DATA SUPPLIED →
+++++

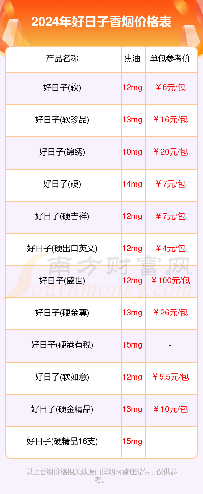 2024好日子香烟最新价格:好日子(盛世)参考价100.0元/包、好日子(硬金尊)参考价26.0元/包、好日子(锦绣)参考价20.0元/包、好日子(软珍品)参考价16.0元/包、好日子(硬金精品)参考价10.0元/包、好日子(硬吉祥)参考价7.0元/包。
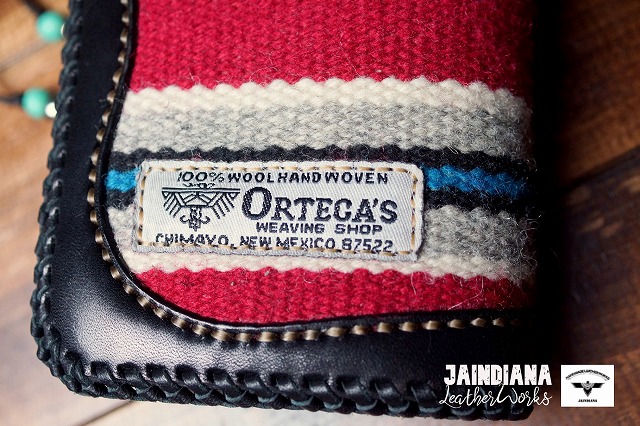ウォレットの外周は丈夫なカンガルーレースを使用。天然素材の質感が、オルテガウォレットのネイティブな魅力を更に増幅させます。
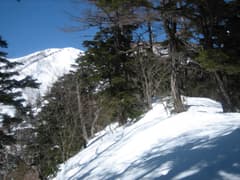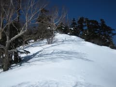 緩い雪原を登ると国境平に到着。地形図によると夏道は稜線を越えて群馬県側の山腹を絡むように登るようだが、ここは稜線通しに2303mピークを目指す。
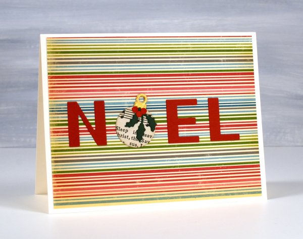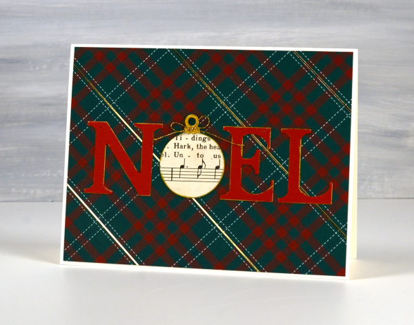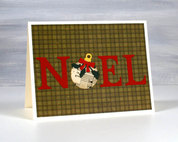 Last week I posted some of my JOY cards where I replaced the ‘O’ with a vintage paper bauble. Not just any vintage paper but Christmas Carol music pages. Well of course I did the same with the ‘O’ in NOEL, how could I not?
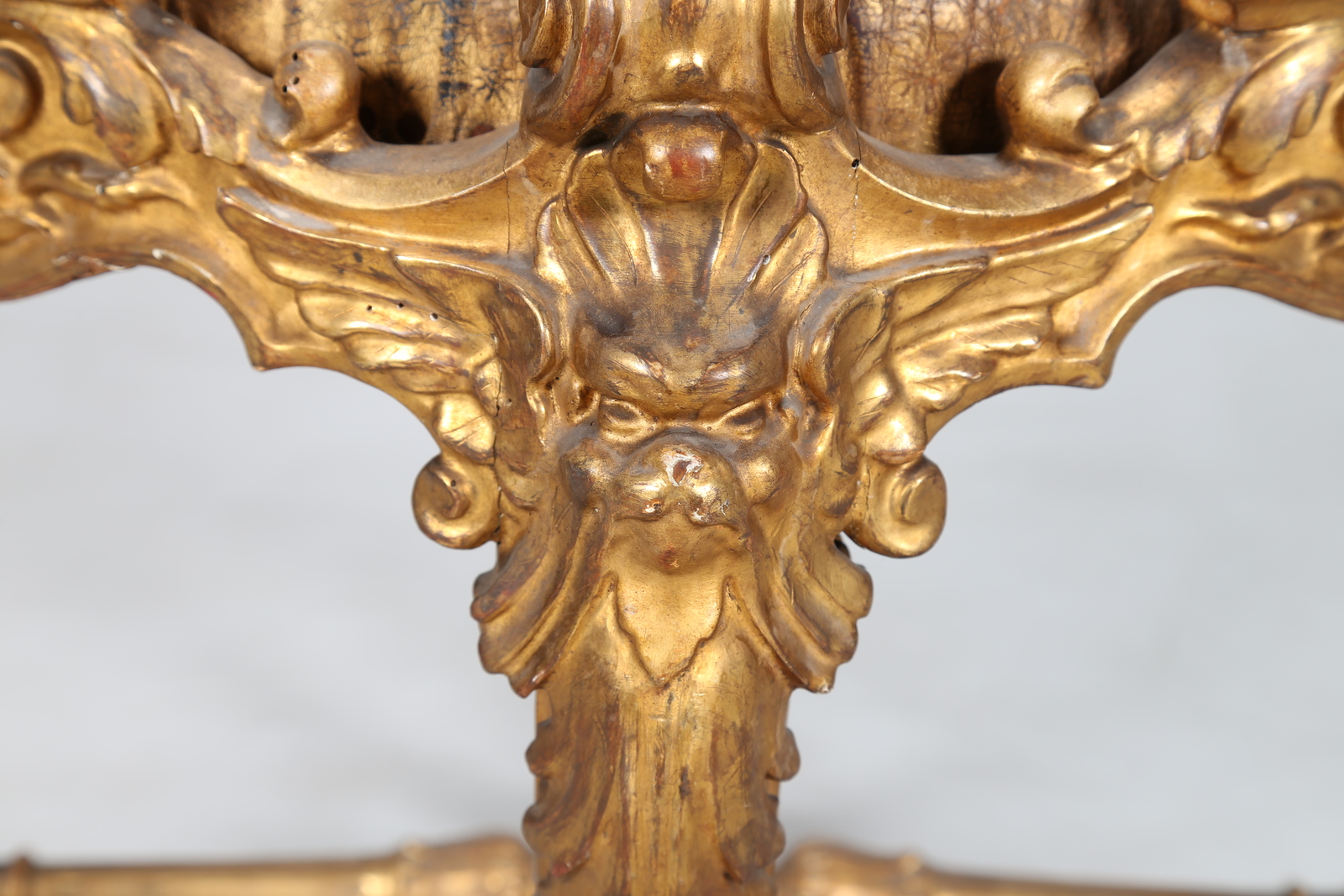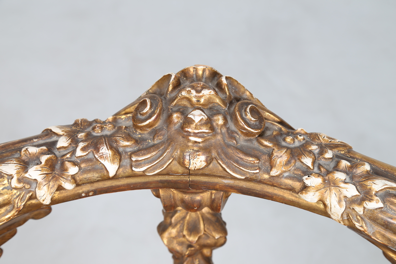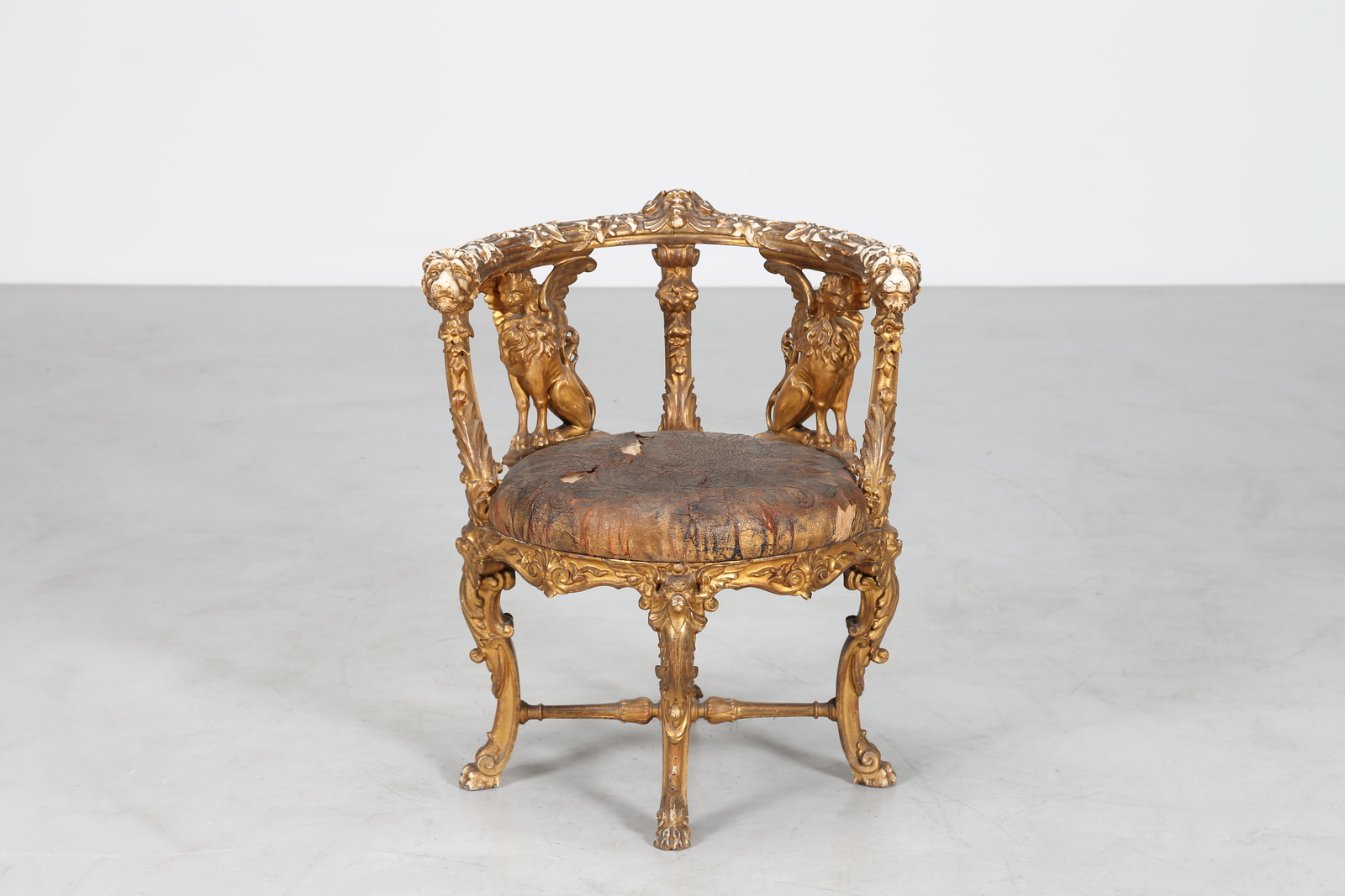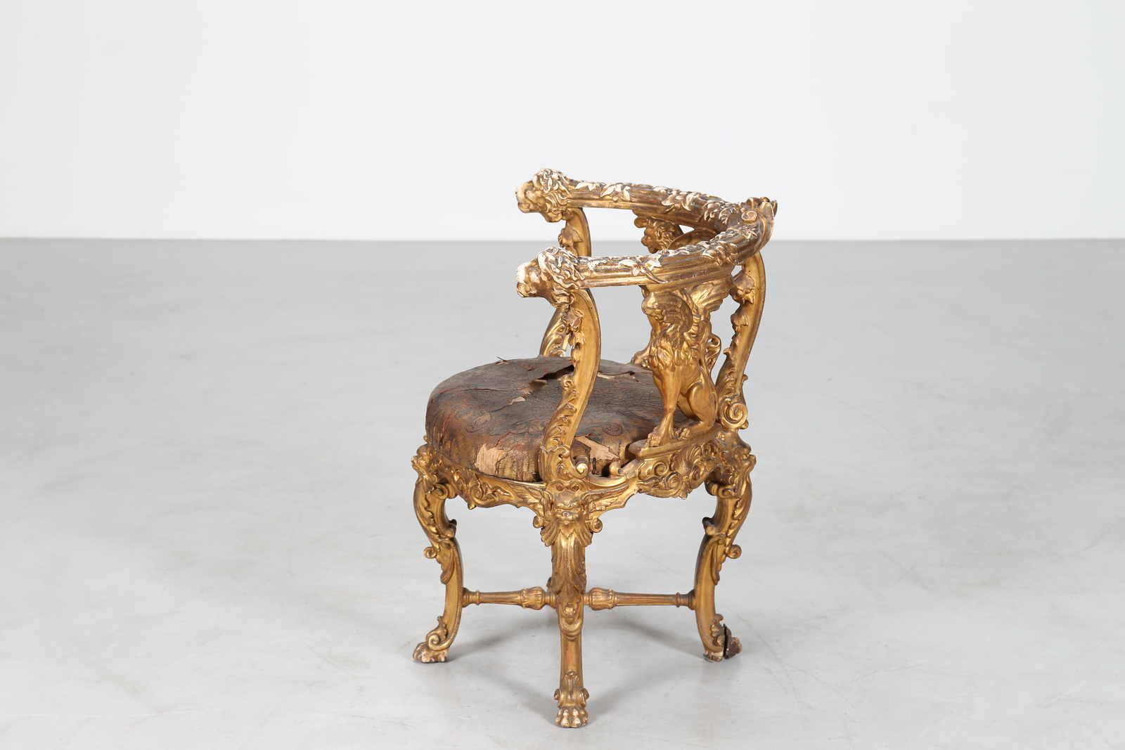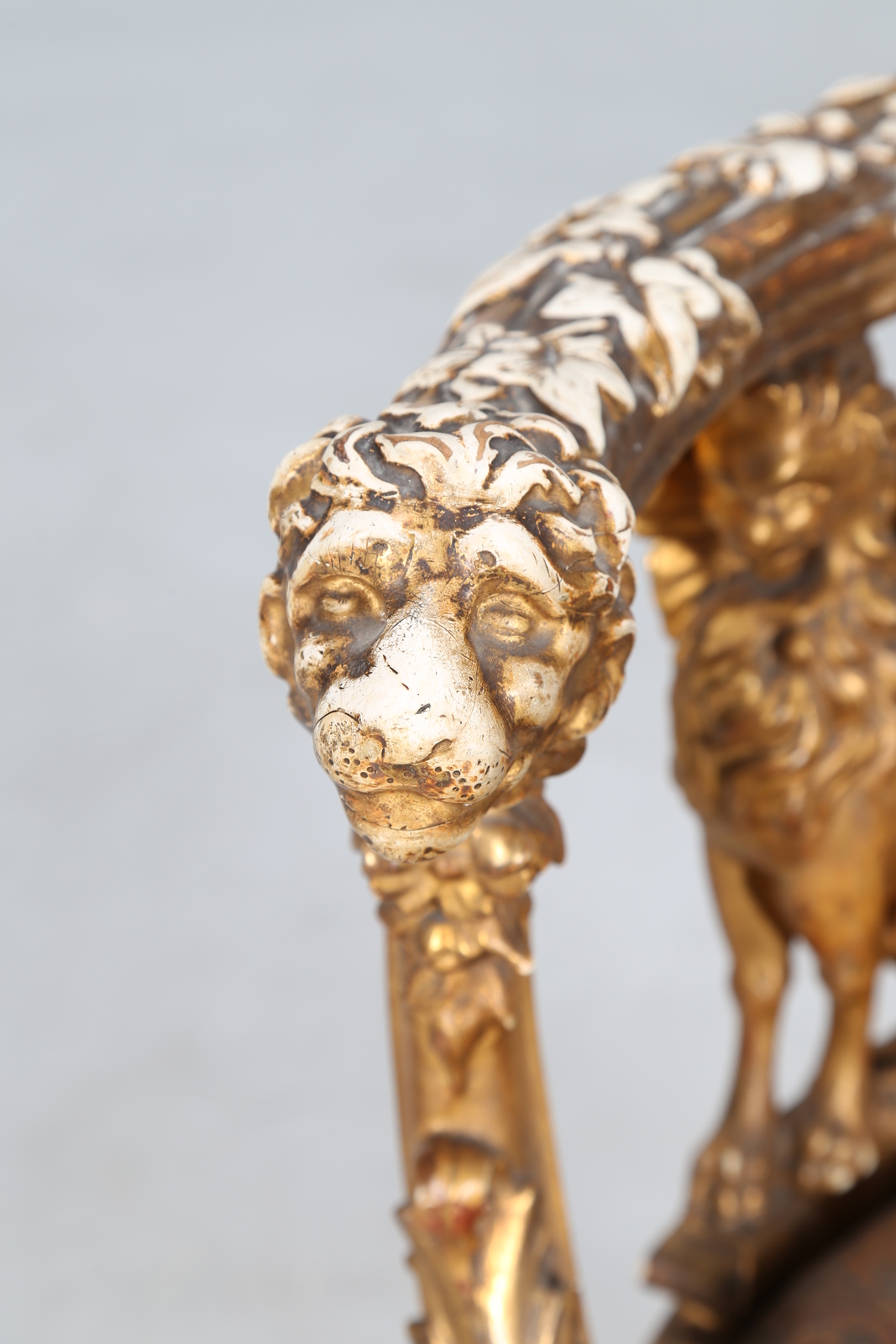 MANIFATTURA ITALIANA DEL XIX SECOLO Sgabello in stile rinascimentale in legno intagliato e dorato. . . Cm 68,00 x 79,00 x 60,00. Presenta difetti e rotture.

+++++

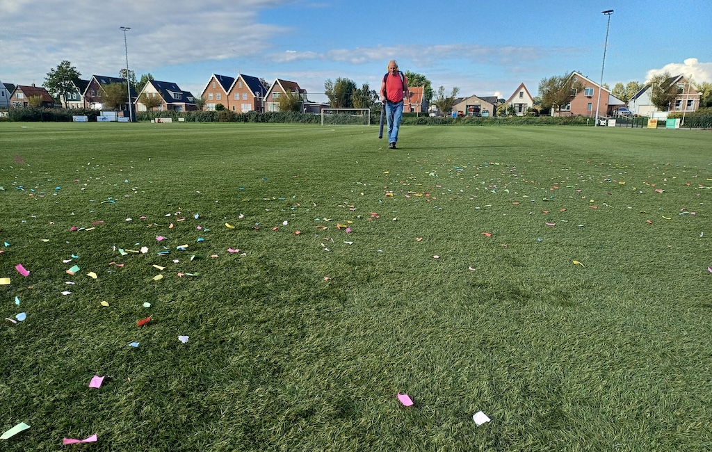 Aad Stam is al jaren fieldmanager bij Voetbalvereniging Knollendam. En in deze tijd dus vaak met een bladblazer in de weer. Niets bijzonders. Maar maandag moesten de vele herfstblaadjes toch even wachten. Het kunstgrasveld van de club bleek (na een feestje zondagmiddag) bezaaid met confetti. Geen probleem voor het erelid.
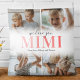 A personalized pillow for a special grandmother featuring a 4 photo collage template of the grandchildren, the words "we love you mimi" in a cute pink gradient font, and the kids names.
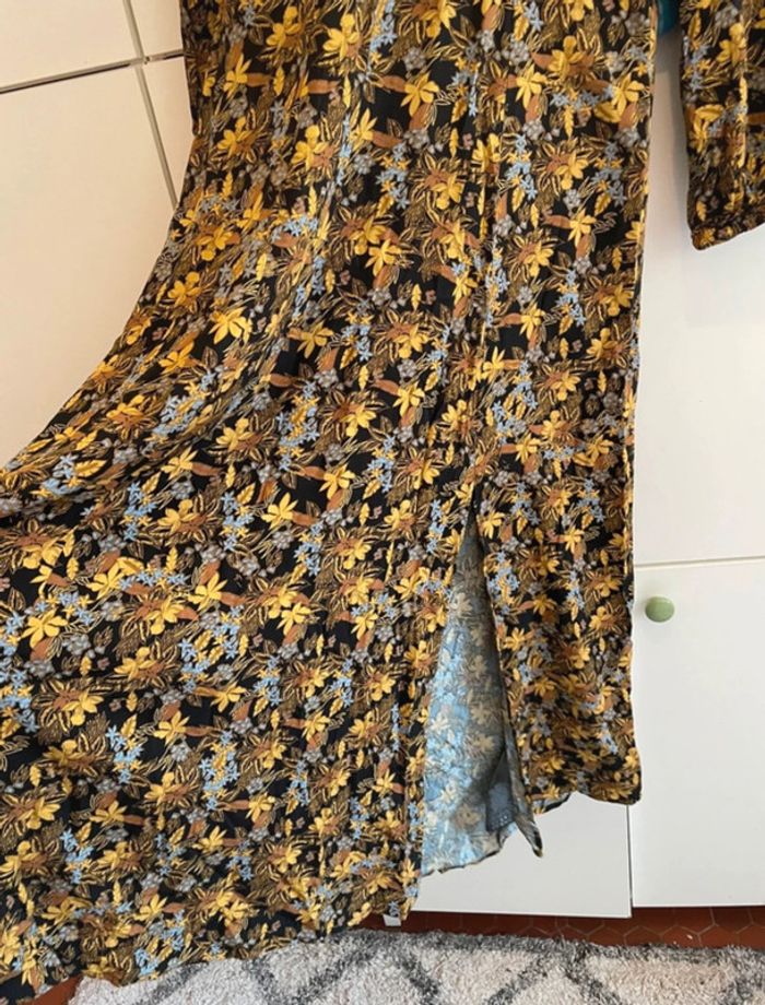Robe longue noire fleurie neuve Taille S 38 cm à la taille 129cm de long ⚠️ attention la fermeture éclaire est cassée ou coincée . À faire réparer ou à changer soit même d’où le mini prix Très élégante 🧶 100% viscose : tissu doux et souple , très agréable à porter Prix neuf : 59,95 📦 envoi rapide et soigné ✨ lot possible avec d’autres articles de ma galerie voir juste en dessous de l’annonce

+++++

THE TASK → The lines above starting at the one that holds "ウォレットの外周は丈夫なカン" and ending at the one that holds "Last week I" are to be written out exactly, ends included, and no pictures are to be copied.

RESPONSE AREA →
ウォレットの外周は丈夫なカンガルーレースを使用。天然素材の質感が、オルテガウォレットのネイティブな魅力を更に増幅させます。
 緩い雪原を登ると国境平に到着。地形図によると夏道は稜線を越えて群馬県側の山腹を絡むように登るようだが、ここは稜線通しに2303mピークを目指す。
 Last week I posted some of my JOY cards where I replaced the ‘O’ with a vintage paper bauble. Not just any vintage paper but Christmas Carol music pages. Well of course I did the same with the ‘O’ in NOEL, how could I not?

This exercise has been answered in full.